(Stored items from a collection)
== Segment start ==

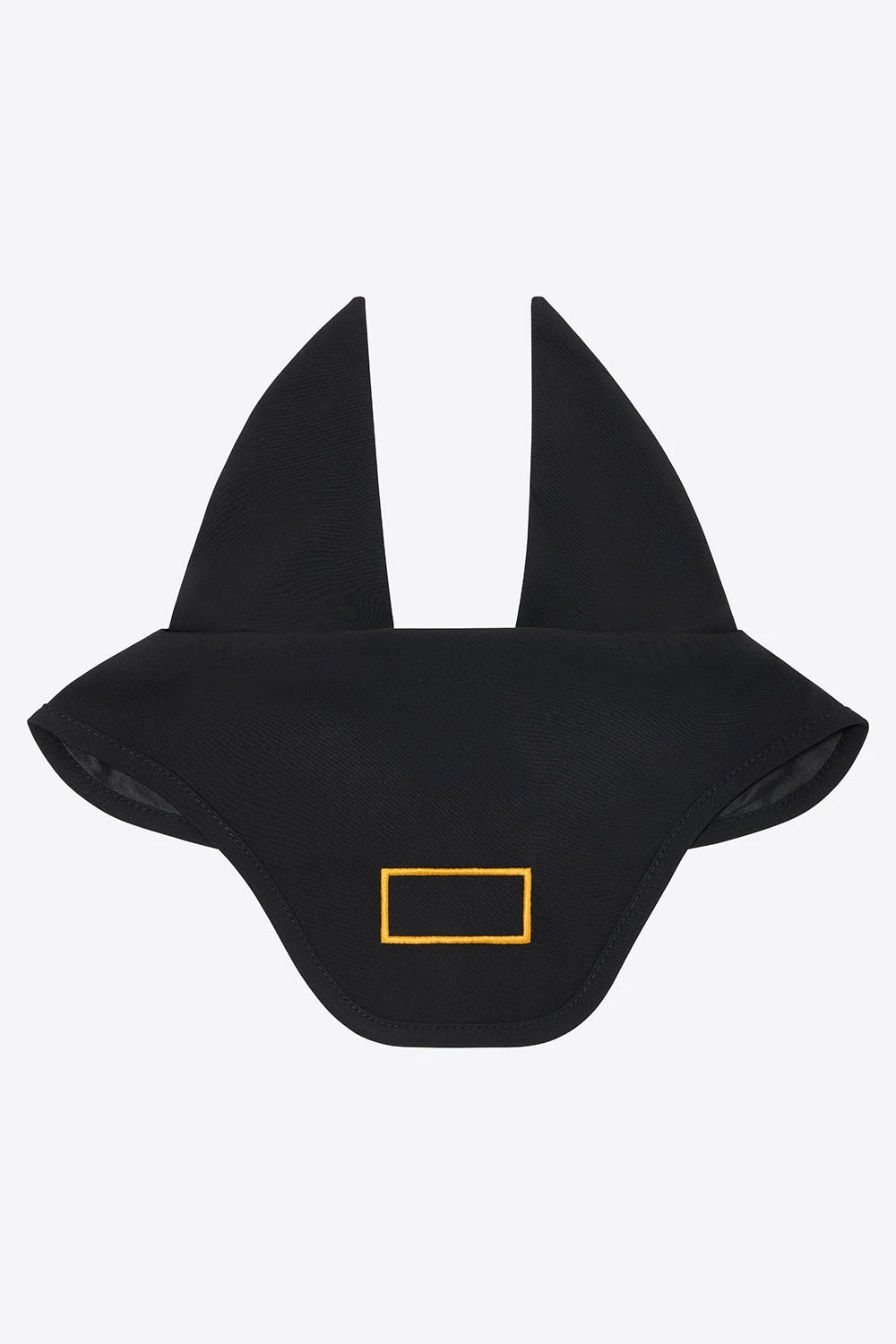 RG fly bonnet made of 100% polyester is a plain fly bonnet with normal non-elastic ears. The characteristic yellow RG logo is placed on the front. This fly hat fits perfectly with the RG saddle pad.
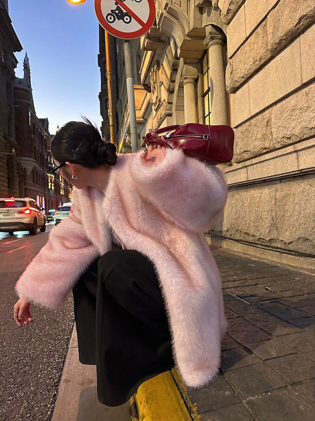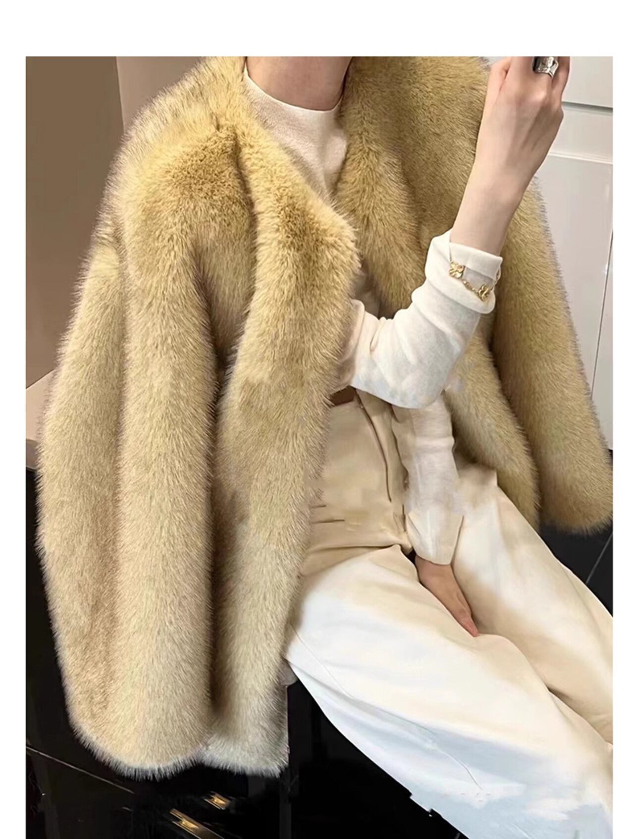 ふわふわゴージャスなノーカラーエコファーコート
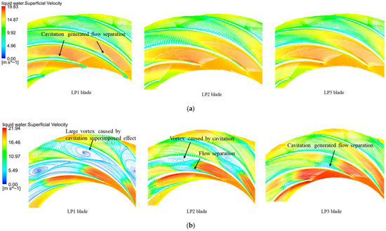 In Figure 17b, when the cavitation number is 0.139, the LP1 blade runner experiences severe flow separation due to intensified cavitation at the low-pressure edge of the blade pressure surface. Moreover, it superimposes the vortex caused by cavitation on the suction surface of the adjacent blade, forming a very large vortex in the downstream blade channel, which seriously hinders the downstream water flow. Cavitation near the low-pressure edge of the LP2 blade runner’s pressure surface causes flow separation. The flow separation caused by cavitation on the suction surface of adjacent blades cannot flow downstream smoothly with the main flow, forming a local vortex. However, the unstable flows caused by cavitation at these two positions do not have a significant superposition effect. A low-velocity zone of liquid water appears on the LP3 blade runner near the low-pressure edge of the blade pressure surface, but it does not affect the mainstream flow in the blade channel.
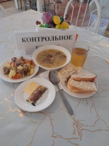 Бүгін мәзірде: сорпа кеспе, қуырылған ет, табиғи шырын, ірімшік, бал, нан.
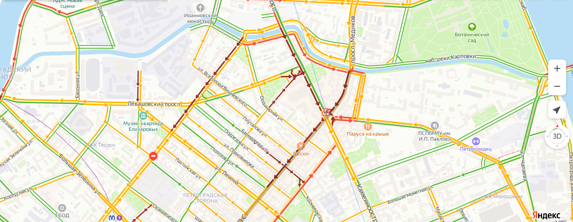 Судя по данным «Яндекс.Карт» на Каменноостровском, Большом и Малом проспектах Петроградской стороны возникли сложности с автомобильным движением. Как уточнили «Бумаге» в администрации Петроградского района, движение не перекрыто — на месте работает регулировщик ГИБДД.
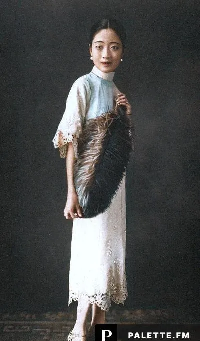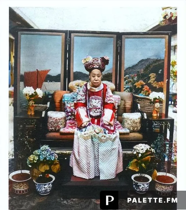 这个黑亮的发饰叫旗头,花团从一侧挑出去,衣裳是浅缎,边口镂空绣得细,坐姿直直的,眼睛却有点笑意,像刚偷偷逗了猫,收了神儿让你拍。
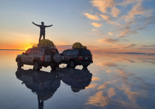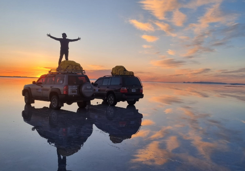 Disfruta de un día mágico en el Salar de Uyuni con un atardecer inolvidable.
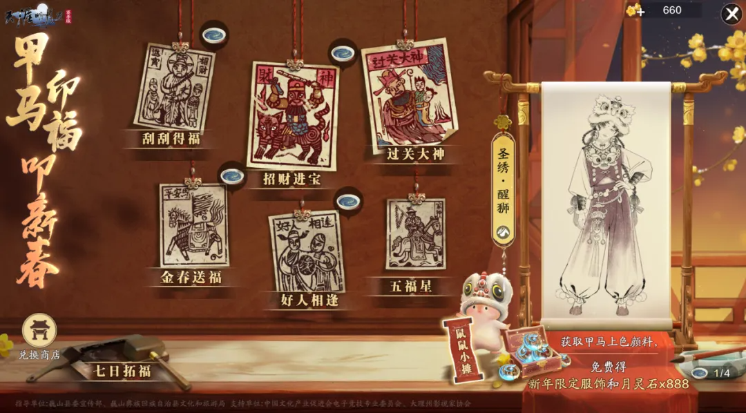 小年到,江湖喜乐不停歇!S5《承锋》赛季携新玩法、新外观、新活动现已登场,更多内容点击此处前往查看>>丙午马年新春将至,新春版本携甲马非遗联动重磅接档而来,在收获满满新春好礼的同时,了解甲马非遗的魅力! 天涯明月刀手游×巍山甲马文化联动新春活动【甲马印福叩新春】明日正式登场!马年新春与非遗邂逅,福利与雅韵双收,参与可得普赠外观【圣绣·醒狮】、3000+月灵石、随心染匣等海量好礼! 明日第一天,主界面-【甲马印福叩新春】活动中就有下面这些奖励可以轻松获取,少侠不要错过啦~ 天衣礼券、玲珑染匣——七日拓福 耳饰【听情·喜柿】、问影晶石、绘彩宝匣等道具——刮刮得福 头饰【吾爱·高头马】、月灵石、玲珑染匣——招财进宝 兑换道具【蜡梅】、【甲马颜料】——过关大神 还可使用新春专属兑换道具【蜡梅】在兑换商店中获取新春红包封面、精致外显、玲珑染匣、神品璞玉宝匣等奖励! 甲马印福叩新春 天涯明月刀手游×巍山甲马文化联动活动【甲马印福叩新春】由巍山县委宣传部、巍山彝族回族自治县文化和旅游局指导,中国文化产业促进会电子竞技专业委员会、大理州影视家协会支持。 明日起,少侠可前往游戏内【甲马印福叩新春】入口参与新春系列活动,了解甲马文化的历史渊源与制作工艺,感受传统非遗的魅力,更能领取超多新春好礼! *研发中效果展示,具体功能以游戏内为准 普赠外观【圣绣·醒狮】 参与新春系列活动可获取甲马上色颜料,集齐四个即可免费兑换月灵石与新年限定普赠外观【圣绣·醒狮】,祝少侠新春大吉,马年顺遂! 醒狮腾霄,鼓震山河。锦披星霜,足踏云涛。 七日拓福 轻松一点,好礼天天领!明日起,少侠可前往活动页面参与【七日拓福】,从认识甄选梨木良材开始,逐步了解甲马纸的制作工艺,更能收获月灵石、新春限定外显、天衣礼券等丰富奖励。 *研发中效果展示,具体功能以游戏内为准 甲马印福 少侠快来收好新春祝福啦!明日起,在活动页面参与【过关大神】【招财进宝】【好人相逢】等甲马印福主题系列活动,不仅能真切体味甲马作品的艺术表现力,收获美好祝福与寓意,更能获得头饰【吾爱·高头马】、头饰【吾爱·夜行聆】、耳饰【听情·喜柿】、背饰【腊味年香】、月灵石、玲珑染匣等海量好礼! 吾爱·高头马 *受平台上传限制画面严重压缩游戏内效果更佳 吾爱·夜行聆 *受平台上传限制画面严重压缩游戏内效果更佳 听情·喜柿 *受平台上传限制画面严重压缩游戏内效果更佳 腊味年香 *受平台上传限制画面严重压缩游戏内效果更佳 听情·素瓷驹 2月13日起,还能体验新春剧情,领小马耳饰【听情·素瓷驹】,并有机会在每日19:34随机成为福星,领海量金叶子、问影晶石、玲珑染匣好礼,少侠吸吸欧气还能必定获得奖励哦~ *受平台上传限制画面严重压缩游戏内效果更佳 兑换商店 新春兑换商店也将在明日开门接客啦!点击【甲马印福叩新春】活动页面左下角【兑换商店】即可进入,使用少侠在活动中获得的新春专属道具【蜡梅】即可兑换新春红包封面、精致外显、玲珑染匣、神品璞玉宝匣等奖励! *研发中效果展示,具体功能以游戏内为准 鼠鼠小摊 鼠鼠小摊限时出摊,新春新品迎新送福!闪光小马糖画配饰【灵殊·画骄岁】随新春活动同步登场,通过活动页面【鼠鼠小摊】即可获取,少侠还可通过“暴涨”提升优惠金额,以超低数量月灵石带回家~ 灵殊·画骄岁 *受平台上传限制画面严重压缩游戏内效果更佳 甲马纸的“身世” 承载悠久历史、极强的艺术表现力的甲马纸木板刻画,在不同地区拥有不同的姓名,我国北方称之为“神马”,江浙沪一带称之为“纸马”,在云南被称为“甲马”、“甲马纸”等,在云南巍山一般俗称为“马子”。 它是中国民间祈福禳灾活动时所用的各种手工雕版印刷品的总称,因所印图案多披甲骑马而得名。其起源可追溯至唐代,历经千年传承,至今仍在民间生生不息,是承载民俗信仰的重要文化载体。 图片摄影来自:杨海涛 甲马纸的“表达” 在传统民俗中,祈愿者会将自己的美好心愿寄托在甲马纸上,并对其进行张贴或焚化,期盼万事顺遂,达成所求所愿。 图片摄影来自:杨海涛 巍山甲马纸采用传统木版刻画技艺,印刷图案丰富多彩,涵盖人物角色、飞禽走兽、自然山川等题材,视觉朴拙厚重、图案活泼大胆,是极其珍贵的民间美术遗产。2005年,它被列入巍山彝族回族自治县首批县级非物质文化遗产保护名录。 图片摄影来自:杨海涛 并且随着时光长河的延续,如今的甲马图案中也融入了更多“时兴”的内容,大家热议和关注的IP与人物、猫猫等宠物相关的美好祈愿都被生动地融入到了这一文化当中。 图片摄影来自:杨海涛 甲马纸的制作 少侠们通过新春活动【七日拓福】,即可大致“学习掌握”到甲马纸的制作工艺。首先需要甄选质密纹匀的梨木良材,将已经勾勒绘制好的纹样团反贴在木板上,严格按照画稿轮廓进行雕刻。 图片摄影来自:杨海涛 刻好之后,在雕版上刷上墨,用红、绿、黄等颜色的纸张进行拓印。也可在拓印完毕的作品上手工上色,着以敷彩点睛之笔。 春日昭昭 2月12日,全新春日主题外观【春日昭昭】将随新一期【霓光奇珍】活动来到江湖,收藏外观同步解锁耳饰【听情·春日昭昭】与动作【探春芳】。 外观故事 南郊缓辔,花气如酿。旧游忽至,韶

== Segment end ==

▸ ACTIVITY
In the data above, take the line with "这个黑亮的发饰叫旗头,花团从", the line with "Disfruta de un", and every line between, and set them down exactly without pictures.

▸ COMPLETED EXERCISE
 这个黑亮的发饰叫旗头,花团从一侧挑出去,衣裳是浅缎,边口镂空绣得细,坐姿直直的,眼睛却有点笑意,像刚偷偷逗了猫,收了神儿让你拍。
 Disfruta de un día mágico en el Salar de Uyuni con un atardecer inolvidable.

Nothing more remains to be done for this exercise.